Salah satu langkah konkret yang perlu diambil untuk memenuhi kebutuhan guru di SMK. Sehingga pendidikan kejuruan di wilayah tersebut dapat terus berkembang dan memberikan manfaat bagi siswa dan masyarakat.
Di Kalimantan Timur terdapat beberapa SMK mengalami kesulitan dalam menyiapkan guru produktif yang sangat diperlukan untuk pendidikan di tingkat ini. Keberadaan guru produktif sangat vital karena mereka mampu memberikan pengetahuan, keterampilan, dan sikap yang sesuai dengan bidang kejuruan siswa.
Disdikbud Kaltim Lakukan Kolaborasi dengan Industri untuk Penuhi Guru Produktif
Upaya meningkatkan kualitas guru produktif dan adaptif menjadi salah satu fokus pemerintah daerah dalam mendukung pendidikan SMK di Kalimantan Timur. Hal ini penting untuk memastikan bahwa siswa mendapatkan pendidikan yang sesuai dengan kebutuhan pasar kerja dan dapat bersaing di dunia kerja setelah lulus.
Untuk mengatasi tantangan ketersediaan guru produktif di SMK Kalimantan Timur, Disdikbud Kaltim telah merencanakan serangkaian langkah. Salah satu tindakan yang akan diambil adalah mendorong kerjasama antara SMK dan dunia industri.
Langkah ini melibatkan kerjasama dengan perusahaan-perusahaan sehingga mereka dapat berkontribusi dalam proses pendidikan di SMK. Salah satu bentuk kerjasama ini adalah penandatanganan pelaku industri untuk menjadi pengajar di SMK. Dengan demikian, perusahaan membuka kelas khusus di SMK dan menyediakan pengajar dari kalangan pekerja industri.

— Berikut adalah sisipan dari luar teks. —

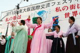 個人的な感想ですが、次回というか、いつかに、こんなことができたらいいなと思うことがあります。 それは、いつもフェスティバルのトリとしてオモニたちの歌うアリランやオナラに合わせて、舞台の回りではみんなも参加して、賑やかに肩踊りが繰り広げられます。夢は、このトリの際に参加者全員で行う何千人規模の肩踊りの実現です。 無理は承知で、そんなことを夢見ながら、11回目のフェスティバルの報告とします。 |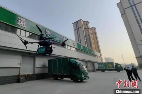 1月3日上午,一架無人機“郵遞員”滿載郵政快遞,從河南省安陽市林州郵政寄遞物流共配中心起飛,20分鐘后降落在林州石板巖鎮中心廣場。這是安陽市首次開展山區無人機郵政快遞航線測試飛行。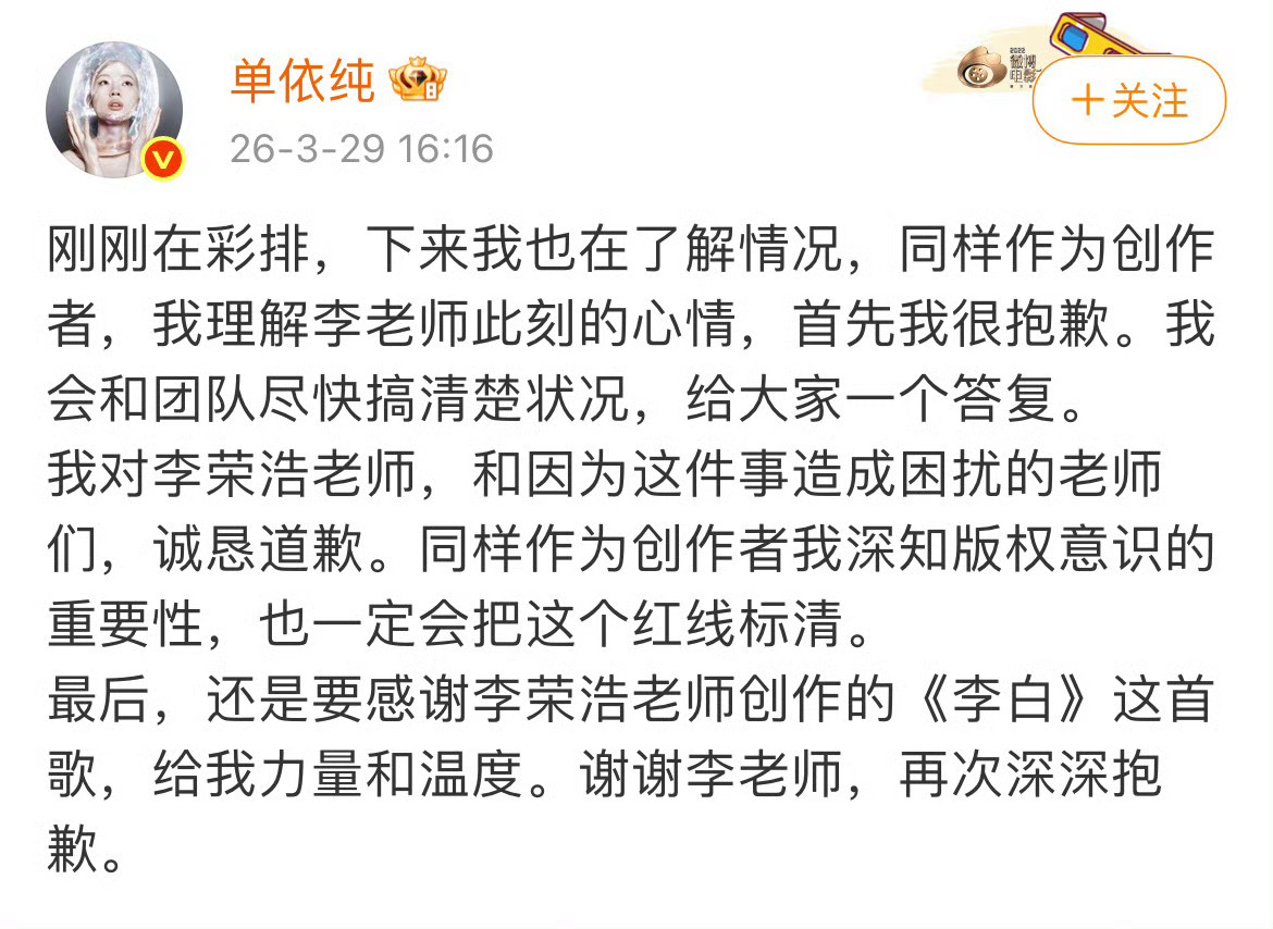 单依纯和李荣浩道歉李荣浩在微博发文指责单依纯强行侵权之后,单依纯发微博和李荣浩道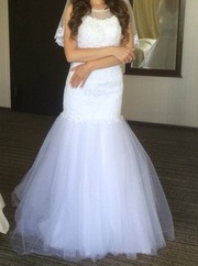 Продам СВАДЕБНОЕ ПЛАТЬЕ, модель "Рыбка", в отличном состоянии, белого цвета. С салона покупалось новое, одевалось один раз, не венчанное. Корсет с гипюром и вышивкой и со стильной ОТКРЫТОЙ спинкой, юбка из фатина. Платье с небольшим шлейфом, что очень удобно для передвижения. Прилагается чехол. Размер: 42-44-46, на рост 167 допускается каблук до 10 см. ТОРГ УМЕСТЕН. Звоните,отвечу на все интересующие Вас вопросы;) |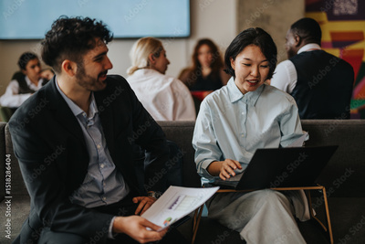 A group of people collaborating during a productive business meeting in a modern co working environment, showcasing teamwork, productivity, and meaningful dialogue among diverse team members.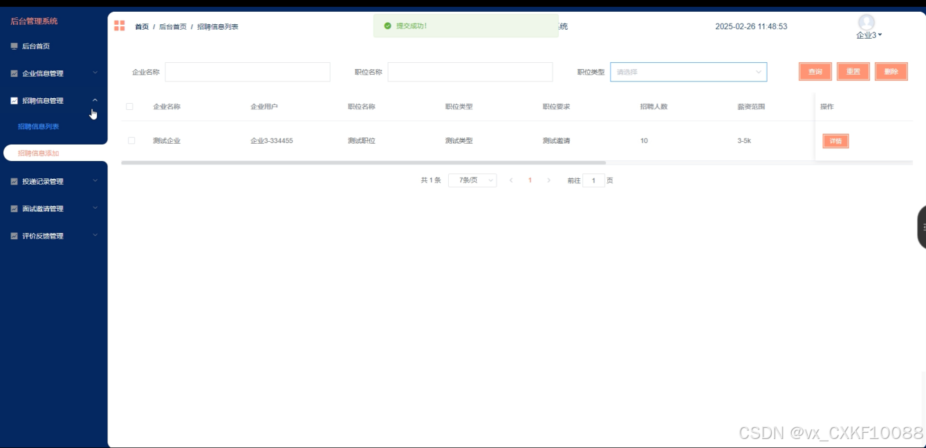 | 测试目的 | 验证招聘信息管理功能 |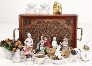 Konv. Nippesfiguren, 2 Porzellan-Vasen, 8 cm, 3 kl. Porzellan-Tassen, handbemalt, dazu 1 Holz-Tablett, mit Schnitzerei, Länge 21 cm

Setelah menyelesaikan pendidikan di SMK, siswa memiliki kesempatan untuk bekerja di perusahaan tersebut. Meskipun tidak semua siswa akan diterima oleh perusahaan, namun setidaknya langkah ini dapat meningkatkan efektivitas pendidikan di SMK dan memberikan kesempatan kerja kepada siswa.

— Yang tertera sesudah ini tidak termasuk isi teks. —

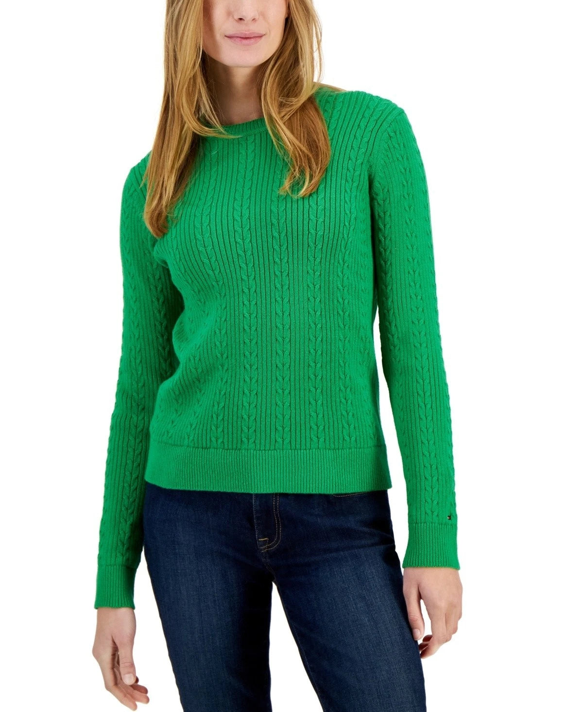 Tommy Hilfiger Women's Cotton Mirrored Cable-Knit Sweater Green Size XL MSRP $80
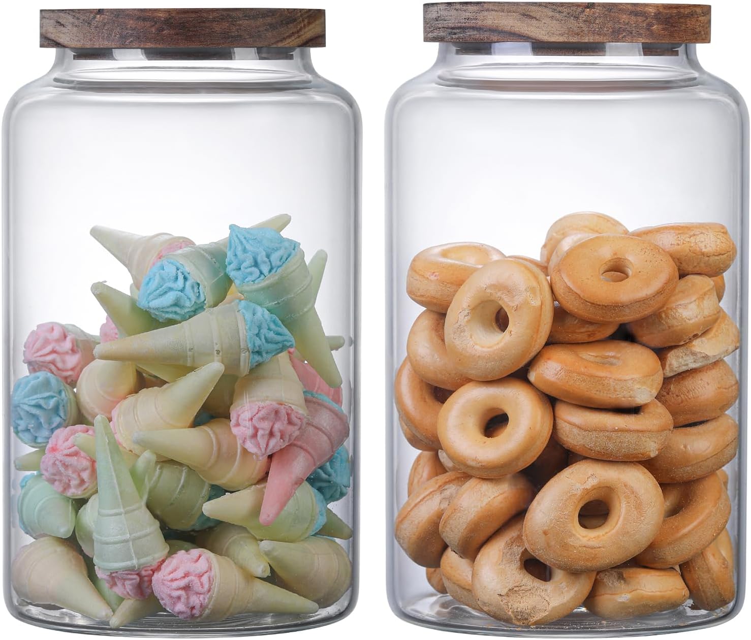 • ★SIZE&AlMIGHTY USE:Large Capacity:Large glass containers with lids spoon perfect for storing and preserving a variety of ingredients including pasta, ground coffee,cookies,dried beans, pepper, jams, chutneys, rice, sugar, flour, tea, coffee beans, spices, biscuits, candy,cheese,flour, sugar, seeds,nut,cashew,Grains, Flour,etc. Keep your space tidy and safe,saving space and convenient .

Penerapan Program SMK Pusat PK Untuk Pembelajaran yang Efektif
Hal ini sejalan dengan upaya untuk menjadikan beberapa SMK sebagai “SMK Pusat Keunggulan (PK)” yang berfokus pada kerjasama dengan dunia industri, sehingga siswa dapat menerima pelatihan yang sesuai dengan kebutuhan pasar kerja.

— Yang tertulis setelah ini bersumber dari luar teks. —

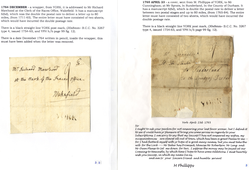 YORKSHIRE 1760-65 group of letters mainly to Yorkshire addresses, five with straight-line 'YORK' marks including two 'ounce rate' items, one to the Races Office at Wakefield (1764), London redirected etc. (6)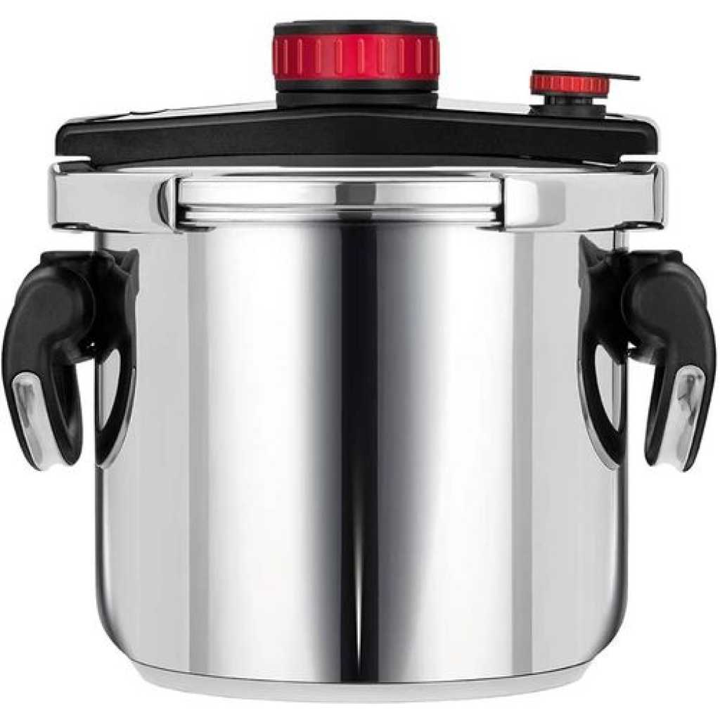 Key Features: [BENEFITS]Pressure cooker made of stainless steel, developed with German technology, reduces cooking time by up to 70% (depends on the heat source.) It is ideal for foods such as chicken, red meat, fish, rice, corn , legumes, desserts and much more. Completely safe and durable [DURABLE STEEL CONSTRUCTION]Discover the power of our pressure canner, designed to provide a long-lasting and reliable performance, even heating, and easy maintenance, making it the perfect tool to master the art of home canning. [COMPATIBILITY]This pot, being made of stainless steel, is compatible with all types of stoves such as: gas, induction, ceramic, halogen and electric. [HEALTHY KITCHEN]Our express cookers keep the vitamins and minerals in the food, which translates into tasty and nutritious meals for the whole family. The inside surface is made of Stainless steel that prevents food from sticking and makes cleaning easier.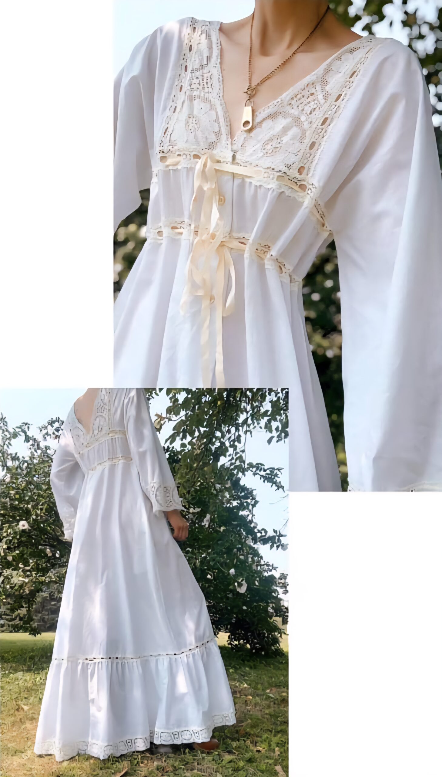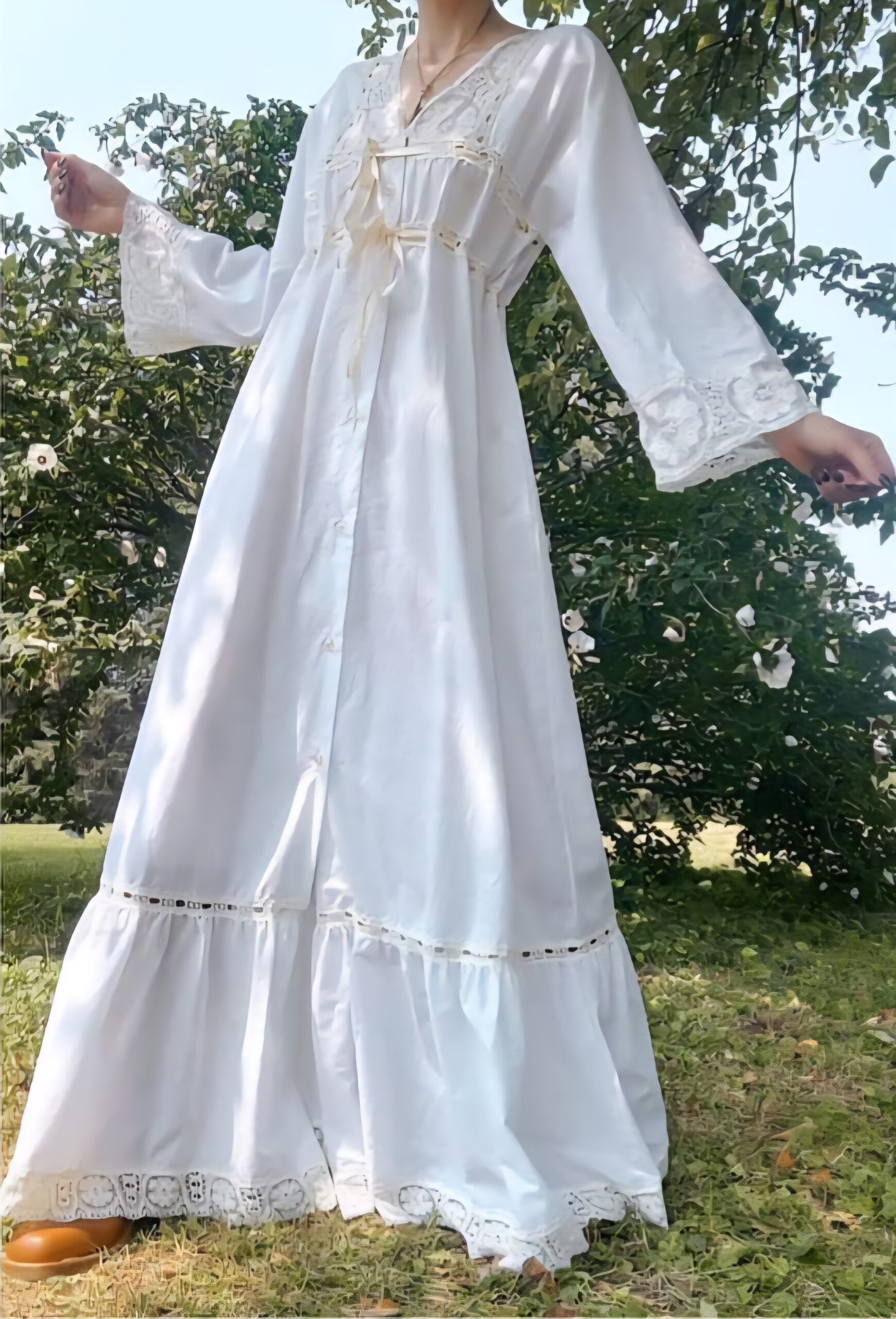 70s white cotton lace tiered dress

“Makanya sekarang ini ada namanya SMK Pusat Keunggulan (PK) yang melakukan kerjasama dengan perusahaan sehingga perusahaan buka kelas khusus. Setelah selesai, siswa bisa bekerja di perusahaan tersebut walaupun nantinya tidak semua siswa diterima, setidaknya dengan itu bisa lebih efektif,” jelasnya.
Dalam upaya ini, Disdikbud telah mendukung banyak sekolah SMK di Kalimantan Timur untuk menerapkan standar pendidikan yang sesuai dengan kriteria dunia industri. Hal ini bertujuan agar para siswa, setelah menyelesaikan program SMK mereka, memiliki kompetensi yang diakui oleh perusahaan dan sesuai dengan tuntutan industri.
“Sudah banyak dari setiap sekolah SMK di Kaltim yang sudah menerapkan itu. Untuk Kota Samarinda sendiri juga sudah ada beberapa yang menerapkan itu walaupun belum semua karena itu juga dilihat dari keunggulan sekolah tersebut,” tutupnya.